Cemiplimab parenteral
- Drugs List
- Therapeutic Indications
- Dosage
- Administration
- Contraindications
- Precautions and Warnings
- Pregnancy and Lactation
- Side Effects
- Monograph
Presentation
Parenteral formulations of cemiplimab.
Drugs List
Therapeutic Indications
Uses
Advanced/metastatic non-small cell lung cancer as monotherapy
Basal cell carcinoma
Squamous cell carcinoma
Monotherapy for adult patients with metastatic or locally advanced cutaneous squamous cell carcinoma ineligible for curative surgery of curative radiation.
Monotherapy for adult patients with locally advanced or metastatic basal cell carcinoma who have progressed on or are intolerant to a hedgehog pathway inhibitor (HHI).
Monotherapy for the first-line treatment of adult patients with non-small cell lung cancer (NSCLC) expressing PD-L1, with no EGFR, ALK or ROS1 aberrations, who have locally advanced NSCLC who are not candidates for definitive chemoradiation or have metastatic NSCLC.
Dosage
Adults
350mg every 3 weeks, administered by intravenous infusion over 30 minutes.
Additional Dosage Information
No dose reductions are recommended. Dose delay or discontinuation may be required based on individual safety and tolerability.
The use of systemic corticosteroids or immunosuppressants before starting cemiplimab, except for physiological doses of systemic corticosteroid (less than or equal to 10mg/day prednisone or equivalent), should be avoided because of their potential interference with the pharmacodynamic activity and efficacy of cemiplimab.
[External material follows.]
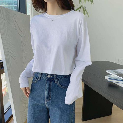 [다잇템]여자 무지컬러 롱슬리브 캐쥬얼 면100 티셔츠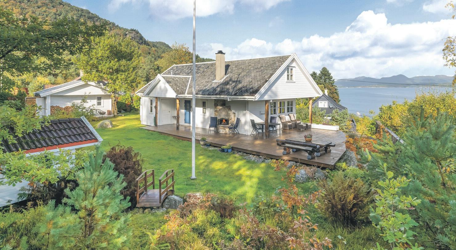 Flott hytte med nydelig utsikt og stor tomt på 2726 kvm. Tilhørende naust og brygge.

However, systemic corticosteroids or other immunosuppressants can be used after starting cemiplimab to treat immune-related adverse reactions.
Treatment modifications
Pneumonitis
Grade 2: Interrupt treatment. Initial dose of 1 to 2 mg/kg/day prednisone or equivalent followed by a taper. Resume treatment if pneumonitis improves and remains at Grade 0 to 1 after corticosteroid taper to less than or equal to 10 mg/day prednisone or equivalent.
Grade 3 or 4 or recurrent grade 2: Permanently discontinue treatment. Initial dose of 2 to 4 mg/kg/day prednisone or equivalent followed by a taper.
Colitis
Grade 2 or 3: Interrupt treatment. Initial dose of 1 to 2 mg/kg/day prednisone or equivalent followed by a taper. Resume treatment if colitis or diarrhoea improves and remains at Grade 0 to 1 after corticosteroid taper to less than or equal to 10 mg/day prednisone or equivalent.
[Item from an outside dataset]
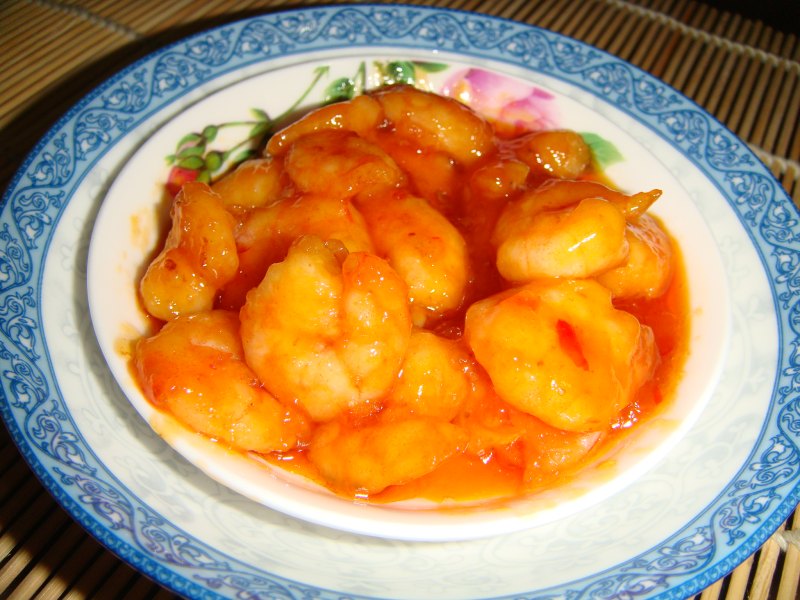 7:倒入虾仁快速的裹上甜辣酱。

Grade 4 or recurrent grade 3: Permanently discontinue treatment. Initial dose of 1 to 2 mg/kg/day prednisone or equivalent followed by a taper.
Hepatitis
Grade 2 with AST or ALT between 3 to 5 times upper limit of normal: Interrupt treatment. Initial dose of 1 to 2 mg/kg/day prednisone or equivalent followed by a taper. Resume treatment if hepatitis improves and remains at Grade 0 to 1 after corticosteroid taper to less than or equal to 10 mg/day prednisone or equivalent or returns to baseline AST or ALT after completion of corticosteroid taper.
Total bilirubin greater between 1.5 to 3 times upper limit of normal: Interrupt treatment. Initial dose of 1 to 2 mg/kg/day prednisone or equivalent followed by a taper. Resume treatment if hepatitis improves and remains at Grade 0 to 1 after corticosteroid taper to less than or equal to 10 mg/day prednisone or equivalent or returns to baseline AST or ALT after completion of corticosteroid taper.
Grade 3 or greater with AST or ALT greater than 5 times upper limit of normal: Permanently discontinue treatment. Initial dose of 1 to 2 mg/kg/day prednisone or equivalent followed by a taper.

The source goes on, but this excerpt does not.